Aristotle

Aristotle was more the scientist than his renowned teacher, Plato, and saw the soul as a mechanism—an animated aspect of lifeforms.

Aristotle’s theory of animation amounts to the claim that particular living things, like all particular items, can, to put it an un-Aristotelian way, be analyzed into their Form and their Matter, but that in the exceptional case of living things their Form can be identified with the traditional concept of their soul. To put this more concisely, we might use his own words, that the soul is the form of a living body. (Hugh Lawson-Tancred, De Anima (On the Soul) by Aristotle, pg. 18)

The precise term that defines this realization is entelechism, or the condition of something whose essence comes to full actualization. A vivifying “Force” that directs an organism to self-fulfillment. Hence, for Aristotle, the soul is an Actualized Principle of Animation. And this is not just confined to the human species:

Aristotle also introduced distinctions in the soul that were later adopted by the various monotheistic traditions. First, there is the vegetative soul, accounting for birth, nutrition, and growth; second there is the sentient or animal soul, possessing movement, appetites, and sensation; and third is the rational soul, possessing knowledge, deliberation, and choice. He thought that there is only one soul for a human being, which possesses a tripartite nature. “Consequently the plants possess only the vegetative soul, the animals the vegetative and the sentient, human beings the vegetative, the sentient, and the intellectual soul.” (A. H. Almaas, The Inner Journey Home Soul’s Realization of the Unity of Reality, pg. 521)

Breaking it down even further:

Aristotle characterizes psyche as the first actuality (entelecheia) of a natural body capable of sustaining life (soma phusikon metechon zoes), that is, an organism composed of organs. It expresses the living thing’s defining essence (ousia), its ‘cause’ (aition), principle (arche) and goal or end-state (telos). In the common English phrase, the psyche is ‘the life and soul’ of an organism. (Paul S. MacDonald, History of the Concept of Mind Vol One, pg. 65)
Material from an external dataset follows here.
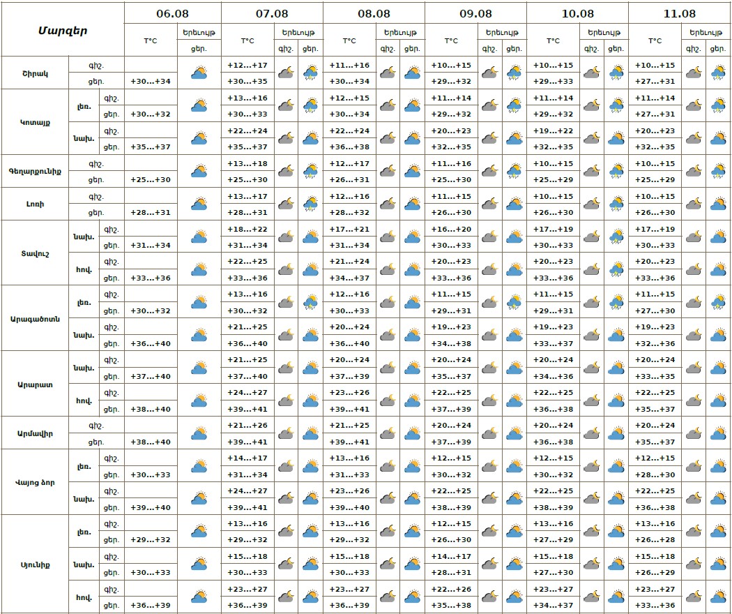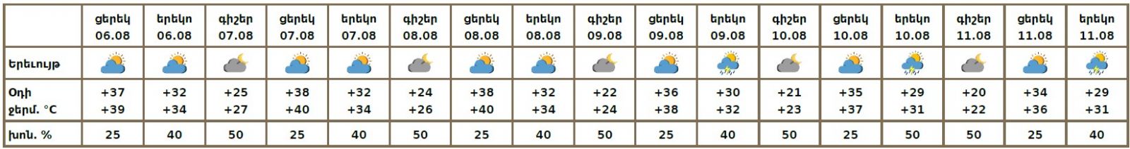 Օգոստոսի 6-ի ցերեկը, 8-ին սպասվում է առանց տեղումների եղանակ։ Օգոստոսի 7-ի ցերեկը, 9-11-ին առանձին շրջաններում սպասվում է կարճատև անձրև և ամպրոպ: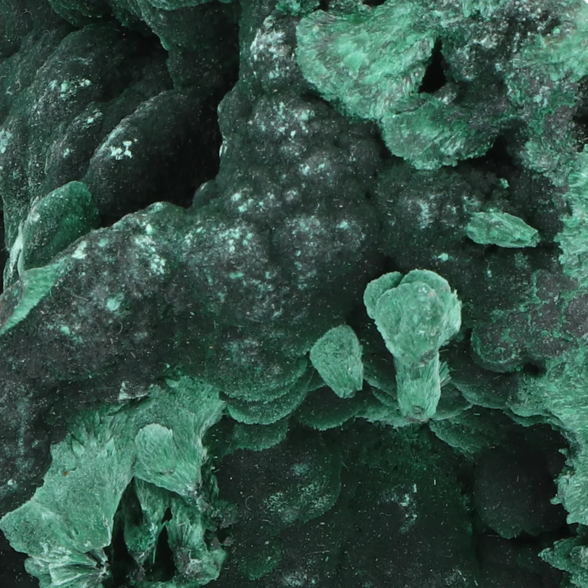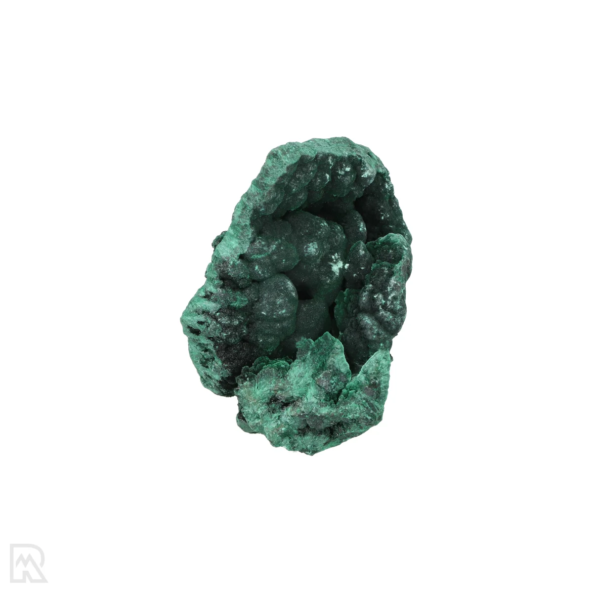 Malachiet is een intens groen koperhoudend mineraal dat opvalt door zijn karakteristieke bandpatronen en glas- tot zijdeachtige glans. De kleur varieert van lichtgroen tot donkergroen, vaak met concentrische of gelaagde tekeningen. Het mineraal vormt zich meestal in de oxidatiezones van koperafzettingen.

Aristotle’s crowning work, De Anima (On the Soul), utilizes philosophic categories of Form & Substance (Matter) that labels all entities as material substances that have been arranged through their Intelligible Forms. “The form is the intimate inward structure, the absolute ‘thingness’ of the thing.” Kant’s “thing-in-itself” would feel right at home here. Henceforth, all phenomena are “elements of possibilities—or the “changeableness of things.” Whereas, Form is Stable, Immovable, and permanent.  Hence, soul is the “Principle of Actuality” which makes a thing “livable”.  The first actuality of a material body. Therefore, Aristotle determined that the soul is fundamentally the principle that bestows life upon a body capable of existence. Soul and body are for him somehow one, the soul giving unity to the substantial gross matter, thus enabling the living being to participate in its various functions. As he puts it, “The soul is the form of the body and the body the matter of the soul (DA II I, 412aI9–20).”